Materials and Methods

The compositional profile displayed in Fig. 1 concerns the DNA sequence of Human Chromosome 21 downloaded from GenBank repository, ref. NC_000021.9. The finally resulting sequence starts at nucleotide 15100001 and ends at nucleotide 46700000 of the whole chromosome; it has a length of 316 Kb and was divided into 316 non-overlapping windows of 100 Kb to perform the quantitative analyses described below.

Two different approaches were used in oligonucleotide assessments: (1) in the profiles of chr.21 all di- and tri-nucleotides were assessed (i.e.: for di-nucleotides, AAA will count as 2 AA); (2) in the profiles of regions 2, 4, 6, only “isolated” oligo-A’s and oligo.G’s were counted: XAAAX (X being any base other than A) will count as 1 AAA but not as 2 AA.

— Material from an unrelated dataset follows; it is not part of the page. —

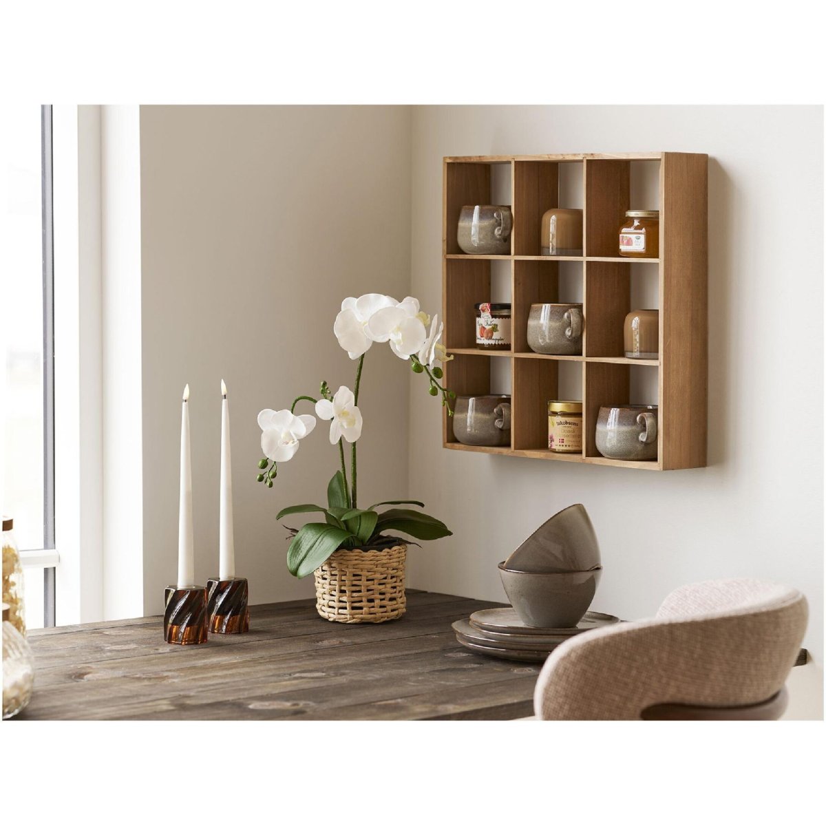 De set van 2 theelichthouders brengt direct balans en sfeer in je interieur. Plaats één houder op de vensterbank en de ander op de salontafel, of presenteer ze samen op een dienblad met andere kleine woonaccessoires zoals vaasjes, boekjes of een geurkaars. Tijdens een etentje zorgen ze voor intieme, gezellige tafeldecoratie zonder veel ruimte in te nemen. Gebruik ze ook in de hal voor een warm welkom, in de slaapkamer voor zachte, indirecte verlichting of in de badkamer voor een spa-achtige sfeer. Het gladde glasoppervlak is eenvoudig schoon te maken, zodat je de houders snel weer stof- en kaarsrestenvrij hebt. Combineer met andere bruin- of rookglas items voor een ton-sur-ton look, of mix met helder glas, messing en zwart metaal voor contrast en extra lichtspel. Zo creëer je in elke ruimte een stijlvolle, warme en uitnodigende ambiance met deze Nest of Nora theelichthouders.

Homemade Perl and R scripts were written for this work.

Nomenclature

Although TADs comprise, by definition, all the topologically associating domains, in the present context TADs indicate the chromatin domains other than LADs. The main reason for this choice is that the mechanisms of formation of the two sets of domains are different, even if based on the same DNA properties, 3-D structure of isochores and nucleosome binding.